Task to complete:
A faithful, picture-free copy of the listing below is required.

Source data:
Segment Open

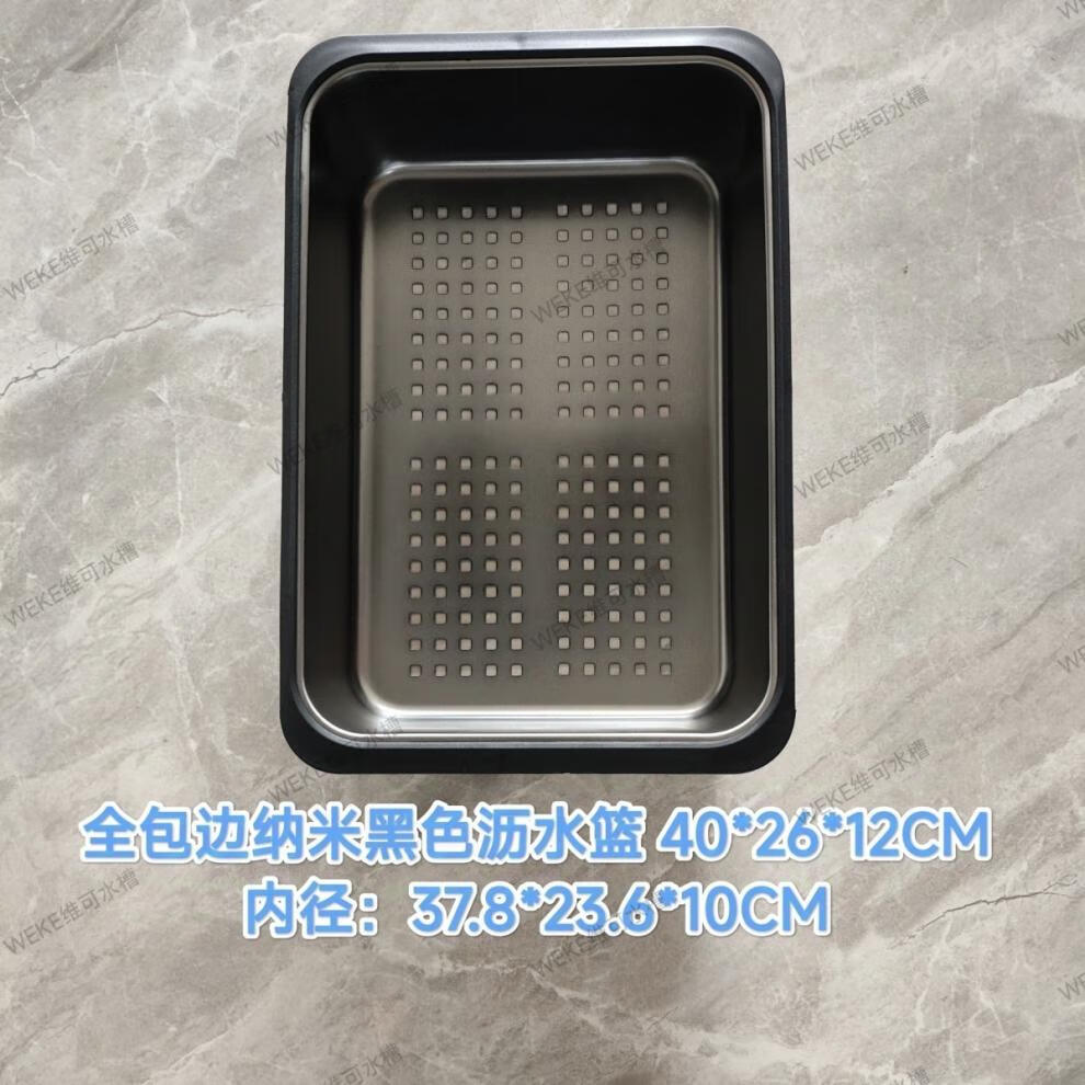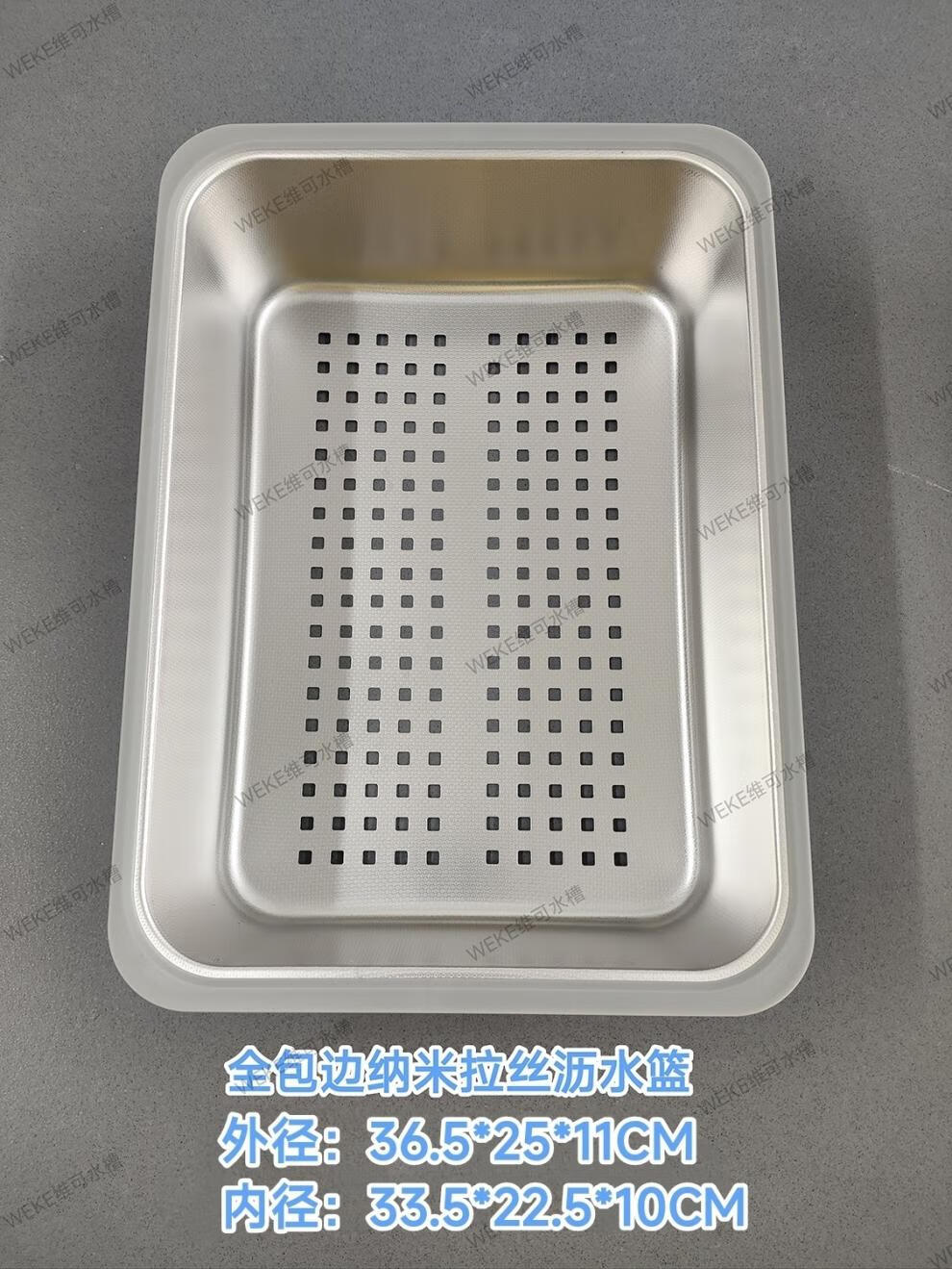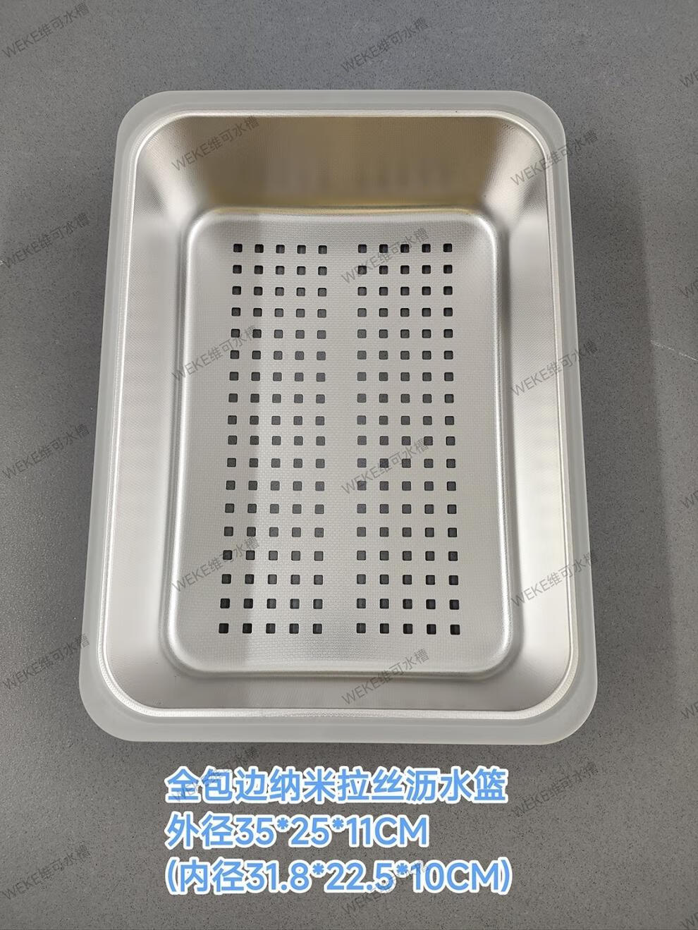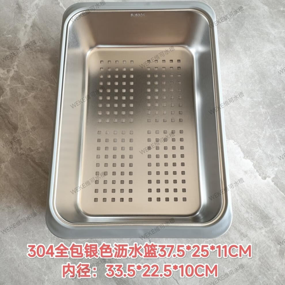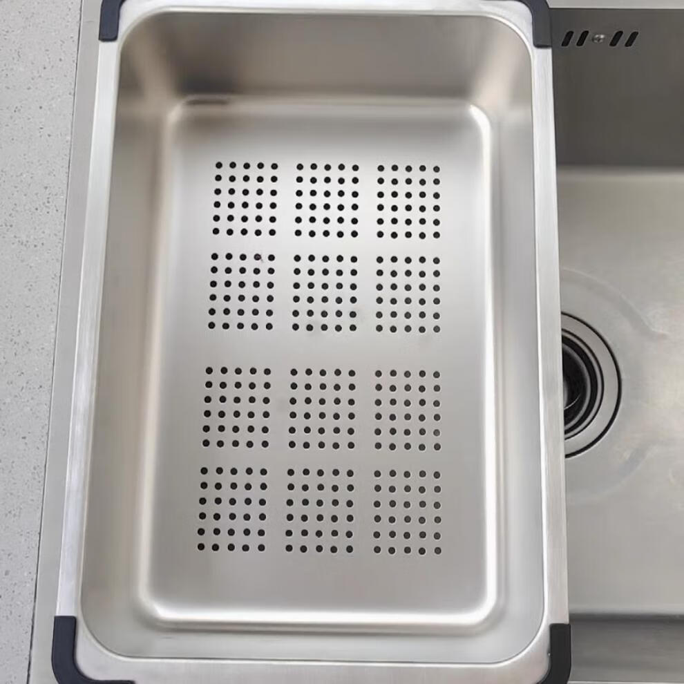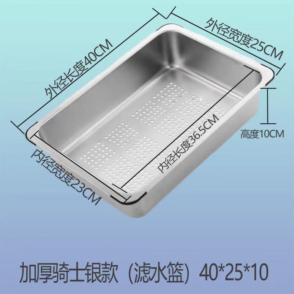 Qinkai nano stainless steel drain basket, thickened all-inclusive edge drain basket, non-retractable vegetable washing drain basket thickened all-inclusive silver 35.5*25*11 inner length 31.9
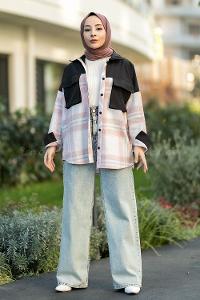 Modalamelif Çift Kapak Cepli Renk Garnili Oduncu Gömlek Pudra-Siyah
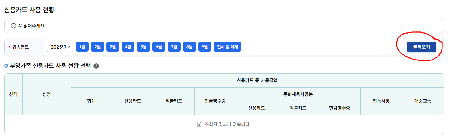 - 올해 1월~9월 카드·현금영수증 사용내역 자동 불러오기

Segment Closed

Exercise answer:
 Qinkai nano stainless steel drain basket, thickened all-inclusive edge drain basket, non-retractable vegetable washing drain basket thickened all-inclusive silver 35.5*25*11 inner length 31.9
 Modalamelif Çift Kapak Cepli Renk Garnili Oduncu Gömlek Pudra-Siyah
 - 올해 1월~9월 카드·현금영수증 사용내역 자동 불러오기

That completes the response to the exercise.